Migration of Software Development Bottlenecks: From Compute to Cognition to AI
Introduction: Bottlenecks Move
The fundamental insight of the Theory of Constraints is simple: every system has exactly one bottleneck, and when you resolve it, the next bottleneck emerges. Bottlenecks don't disappear—they migrate.
The history of software development can be reread as a history of this bottleneck migration. And when we look at where that migration has brought us today, we find that humans and AI face remarkably similar kinds of constraints.
When Compute Was the Bottleneck
From the 1960s through the 1990s, the central constraint of software development was physical computer resources. Memory was expensive, CPU cycles were precious, and storage was limited.
The primary concern of developers in this era was "how to make things work with fewer resources." Choosing data structures and algorithms meant optimizing for computational complexity and memory usage. The difference between bubble sort and quicksort wasn't an academic curiosity—it was a matter of whether your program would finish in a practical timeframe.
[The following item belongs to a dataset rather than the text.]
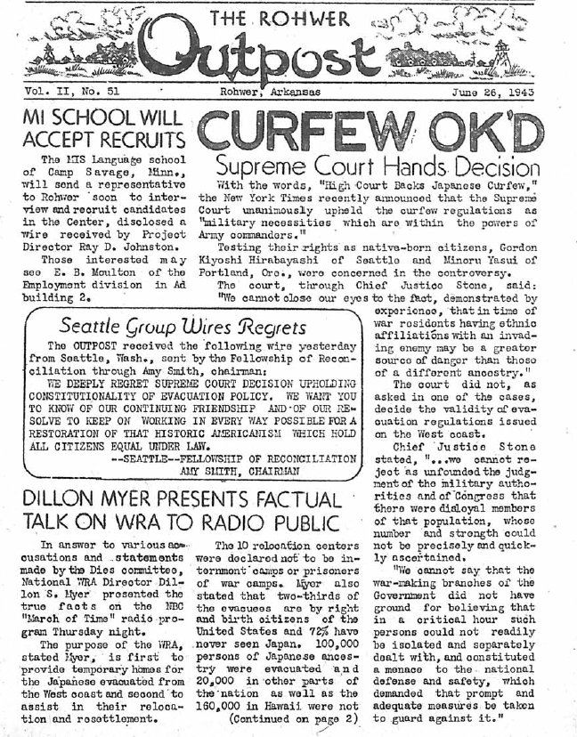 Page 3: Outpost loses editors; student relocation will be accelerated; now showing; co-op congress to meet; H.S. typewriters finally arrive; Rohwer school library adds many current popular books; head librarian speaks tomorrow; center library open evenings; head librarian speaks tomorrow.

The practices born in this era were management strategies for compute as a finite resource:
- Algorithmic complexity analysis (Big-O notation) — How to allocate finite CPU time
- Data structure optimization — How to structure finite memory
- Caching strategies — How to reduce access to slow storage
- Database normalization and index design — How to optimize finite storage and I/O
What these practices share is a common thinking pattern: designing what to keep, what to discard, and how to structure things within finite resources. This pattern reappears in every subsequent era.
When Cognition Became the Bottleneck
From the 2000s onward, the landscape shifted dramatically. Exponential growth in computing power driven by Moore's Law, the rise of cloud computing, and the dramatic decline in storage costs. For most software, compute resources were no longer the primary constraint.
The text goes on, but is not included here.